Fig. 3 — Fluorescent Rh110-AuNPs characterization. Graphical scheme depicting Rhodamine 110 conjugation to AuNPs (a). UV-Visible absorption spectra of AuNPs (black line) and Rh110 conjugated AuNPs (green line). Inset shows a magnification in the range 510–530 nm (b).TEM images of AuNPs (c). Autocorrelation curves in function of the decay time (d) and the calculated hydrodynamic diameters of AuNPs (black dot/histogram) and Rh110-AuNPs (green dot/histogram) (e). Fluorescence emission spectrum of Rhodamine 110 solution (black line) and absorbance and fluorescence spectra of Rh110-AuNPs (green line) (f).

Fluorescent Rh110-AuNPs at the same concentration used for all the experiments reported above (1 nM) were incubated overnight with the cells. Image analysis with confocal microscopy reveals a very high degree of colocalization between lysosomes and Rh110-AuNPs both in WT and NPCp1, while no overlapping signal was observed between lysosomes and the Rh probe alone (i.e. in the absence of AuNPs), indicating that the localization of AuNPs-Rh into the lysosomes is fully attributable to the AuNPs (Fig. 4).
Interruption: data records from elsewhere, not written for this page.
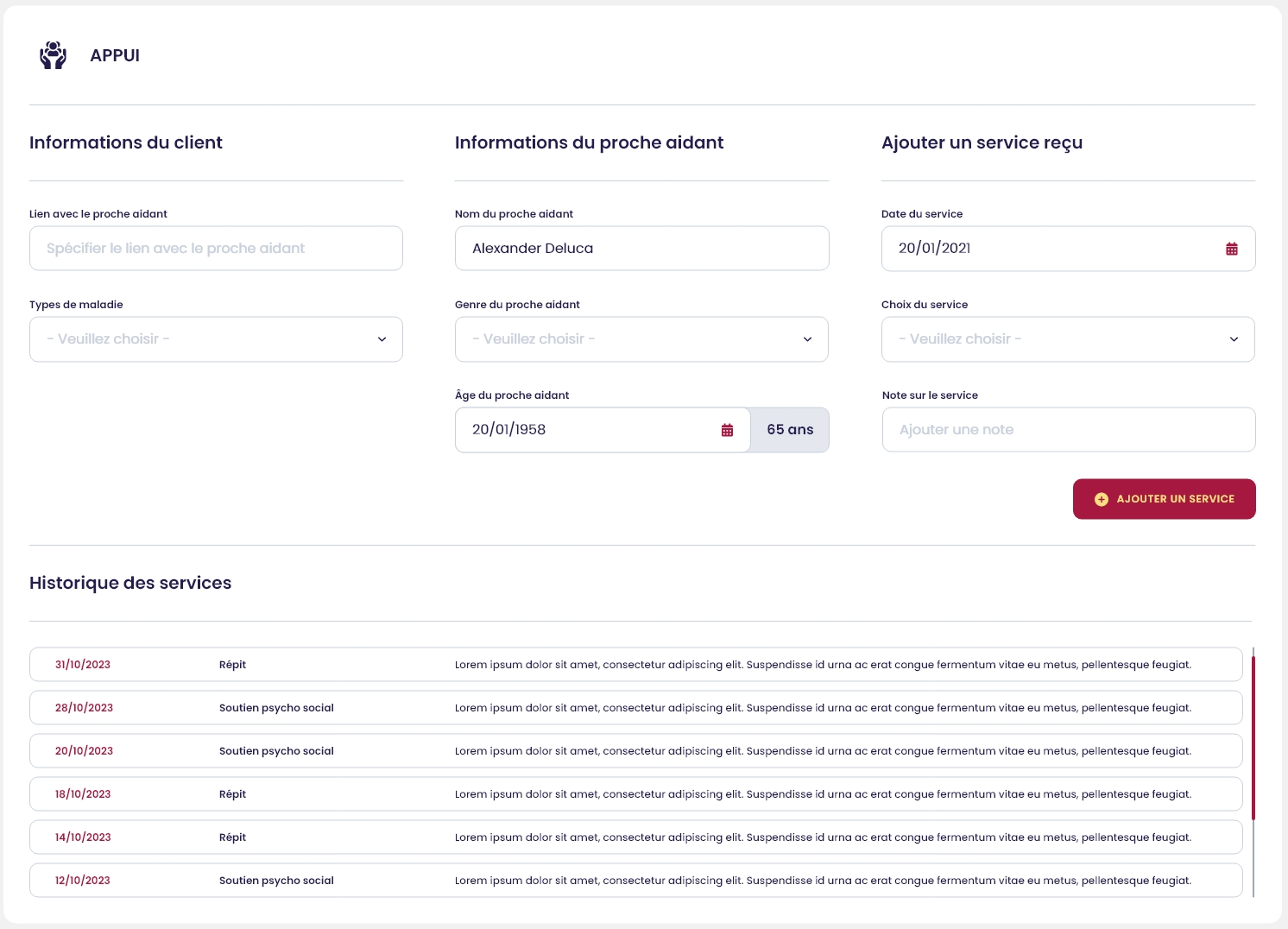 La plus importante partie du volet est de pouvoir ajouter des services rendus au proche aidant (répit, soutien psychosocial, etc). L'historique des services se trouvent juste en dessous et peut être consultée, en tout temps.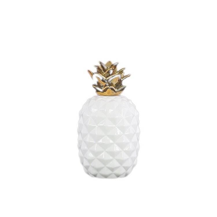 • UTC43151 Ceramic Pineapple Figurine with Gold Top SM Gloss Finish White image - 1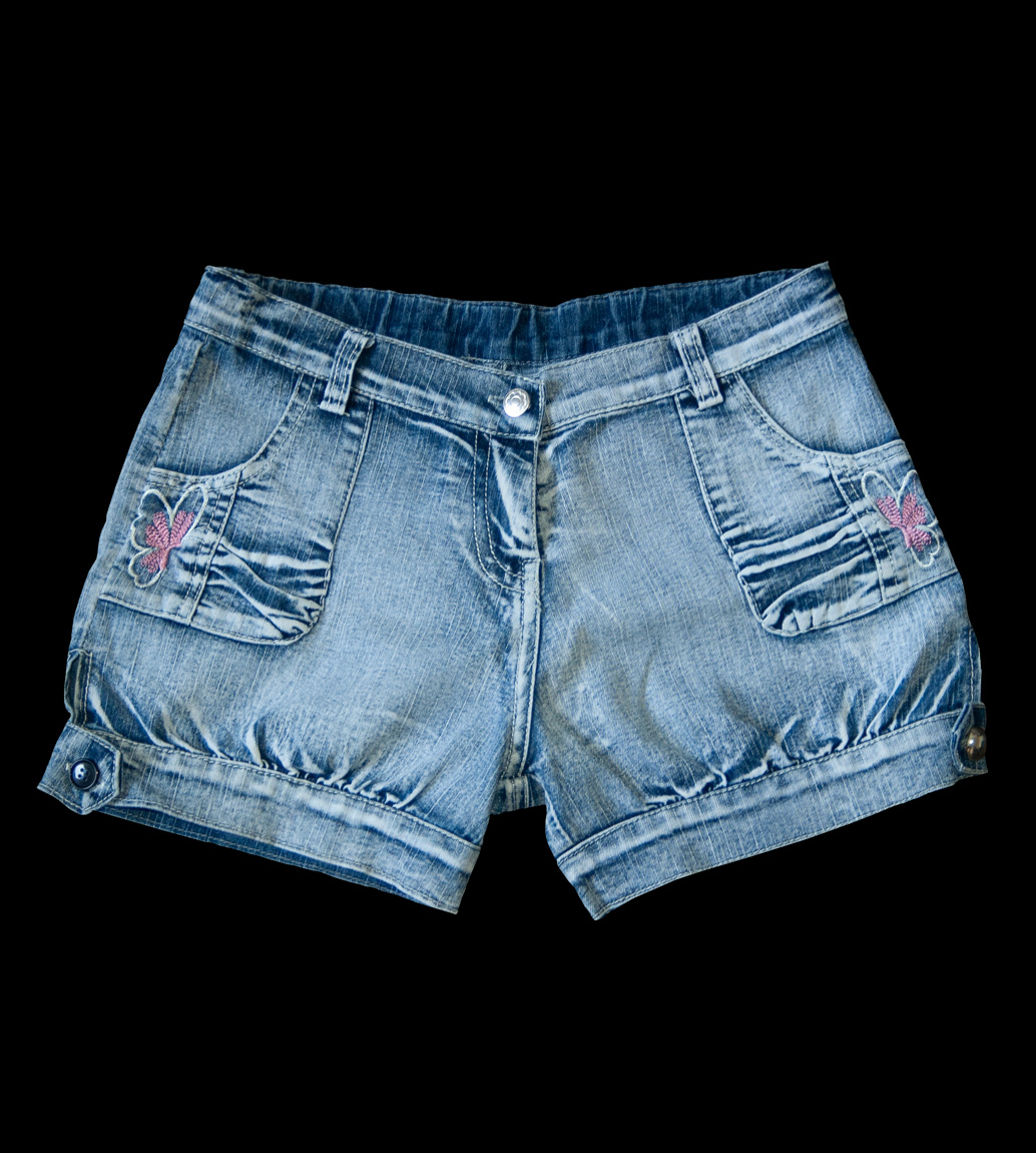 Kraťasy, vel. 158/164 (12-14 let). Zapínání na zip a knoflík, v pase místo na regulační gumu (není součástí), vpředu dvě kapsy a vzadu též. Šmrncovně nabírané nohavice a kapsy, líbivý střih, suprové. Barva šedomodrá s efektem oprané džínoviny, na kapsách vyšité růžovobílé květiny či abstraktní motýli. Top stav, bez vady, připravené k okamžitému nošení.
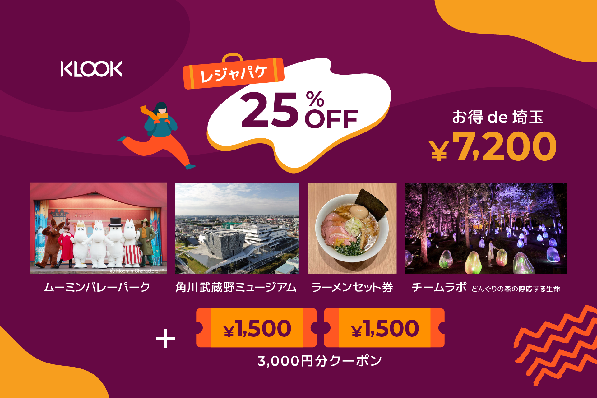 ①ムーミンバレーパーク+②角川武蔵野ミュージアム+③チームラボ どんぐりの森の呼応する生命+④ラーメンWalkerキッチンのラーメンセット券+④Klookクーポン3,000円分=計9,600円が7,200円(2,400円割引)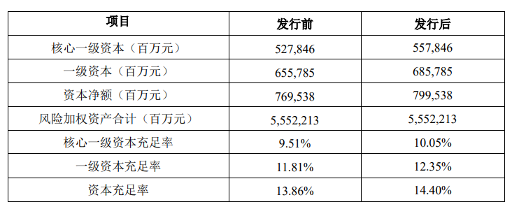 在不考慮發行費用的前提下,是次非公開發行對郵儲銀行資本監管指標的影響如下:

Fig. 4 — Specific targeting of AuNPs in lysosomes. WT and NPCp1 fibroblasts were incubated overnight with 1 nM Rh110-AuNPs or Rh110 probe, and imaged by confocal microscopy after co-labeling with LysoTracker™ Red DND-99 and Hoechst. Scale bar 50 μm. The Pearson’s coefficient (P) values and the Manders’ coefficients M1 (fraction of Rh110-AuNPs overlapping with lysosomes) and M2 (fraction of lysosomes overlapping with Rh110-AuNPs) are also reported.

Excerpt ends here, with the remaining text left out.